Avec cette mission, Artemis 1, la NASA veut retourner sur la Lune. Ce premier décollage doit permettre à l’agence américaine de retrouver ses marques, un demi-siècle après la fin des missions Apollo. Prévue pour durer entre 4 et 6 semaines, cette première partie du programme Artemis doit donner confiance à la NASA.

Dans les prochains jours, la fusée prendra la direction de la Lune et le module Orion se mettra en orbite autour de notre satellite. Il reviendra dans un second temps sur Terre. Une mission de ce genre n’avait plus été réalisée par la NASA depuis Apollo 17 en 1972.

Artemis : Opération Lune

Depuis la fin de cette guerre à l’espace avec l’URSS, la Lune avait toujours été un objectif pour la NASA, mais l’agence, qui dépend de financements publics, n’a jamais reçu le soutien nécessaire pour mener une telle mission à son terme. Un projet de retour sur notre satellite est né au début des années 2000 (Constellation), mais Barrack Obama y mettra fin, préférant concentrer les ressources de l’État sur sa réforme de l’Obama Care.

Il faudra attendre 2016 et l’arrivée de Donald Trump dans le bureau ovale pour remettre la Lune au cœur des discussions. Le 45e président des États-Unis fixe ses objectifs : la NASA doit retourner sur notre satellite en 2024, date de la fin (potentielle) de son second mandat.

Battu en novembre 2020 par Joe Biden, le programme Artemis est néanmoins poursuivi et la Maison-Blanche continue de le financer.
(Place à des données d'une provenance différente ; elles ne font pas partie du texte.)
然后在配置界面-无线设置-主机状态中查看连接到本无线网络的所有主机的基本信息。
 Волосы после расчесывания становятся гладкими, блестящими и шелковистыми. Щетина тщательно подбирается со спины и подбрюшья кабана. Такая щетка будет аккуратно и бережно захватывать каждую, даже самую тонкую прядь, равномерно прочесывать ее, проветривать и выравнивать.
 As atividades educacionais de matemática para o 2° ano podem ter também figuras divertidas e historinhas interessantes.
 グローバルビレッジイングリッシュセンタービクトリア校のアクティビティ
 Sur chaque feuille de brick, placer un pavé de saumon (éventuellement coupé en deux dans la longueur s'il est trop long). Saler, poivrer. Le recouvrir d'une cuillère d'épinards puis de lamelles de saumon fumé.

En tout ce retour sur la Lune devrait coûter 35 milliards de dollars à l’État américain. 53 ans après Apollo 11, sa sœur jumelle dans la mythologie grecque, Artemis, prend le relais pour une première mission, déjà historique.
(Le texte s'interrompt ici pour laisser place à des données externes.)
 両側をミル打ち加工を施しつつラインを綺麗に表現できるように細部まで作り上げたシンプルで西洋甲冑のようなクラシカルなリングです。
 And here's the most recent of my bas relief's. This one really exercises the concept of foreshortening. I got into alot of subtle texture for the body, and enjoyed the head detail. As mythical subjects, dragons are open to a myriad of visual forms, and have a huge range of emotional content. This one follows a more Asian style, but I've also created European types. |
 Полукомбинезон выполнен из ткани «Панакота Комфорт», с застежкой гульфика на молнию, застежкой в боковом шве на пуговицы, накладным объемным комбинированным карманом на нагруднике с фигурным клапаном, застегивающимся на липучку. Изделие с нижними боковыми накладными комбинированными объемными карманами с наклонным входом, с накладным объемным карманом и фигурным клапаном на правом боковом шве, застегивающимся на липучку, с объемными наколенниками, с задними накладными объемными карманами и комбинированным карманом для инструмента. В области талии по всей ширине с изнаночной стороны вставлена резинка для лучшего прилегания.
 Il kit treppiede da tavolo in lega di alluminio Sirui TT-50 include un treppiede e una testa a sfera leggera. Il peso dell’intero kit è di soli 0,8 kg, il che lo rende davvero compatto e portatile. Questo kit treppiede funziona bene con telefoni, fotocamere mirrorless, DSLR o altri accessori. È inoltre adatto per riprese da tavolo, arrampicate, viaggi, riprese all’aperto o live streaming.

Artemis : tout sauf une copie des missions Apollo

Si le décollage d’aujourd’hui fait partie de ce programme, il n’en est que le commencement. Cette première mission a d’ailleurs des allures de grande répétition générale pour l’agence spatiale américaine. Sans être humain à bord, Artemis 1 sert avant tout de test de fiabilité pour sa fusée SLS et le petit module Orion.

Prenant le relais de l’historique Saturn V, SLS (pour Space Launch System) n’a pas le droit à l’erreur. Tout le programme de retour lunaire dépend du bon fonctionnement de la fusée, et donc de ce premier vol. Après de multiples reports, le décollage a eu lieu dans la nuit du 14 au 15 novembre. Seule une frayeur sur le remplissage de l’hydrogène a retardé le plan de vol de quelques minutes.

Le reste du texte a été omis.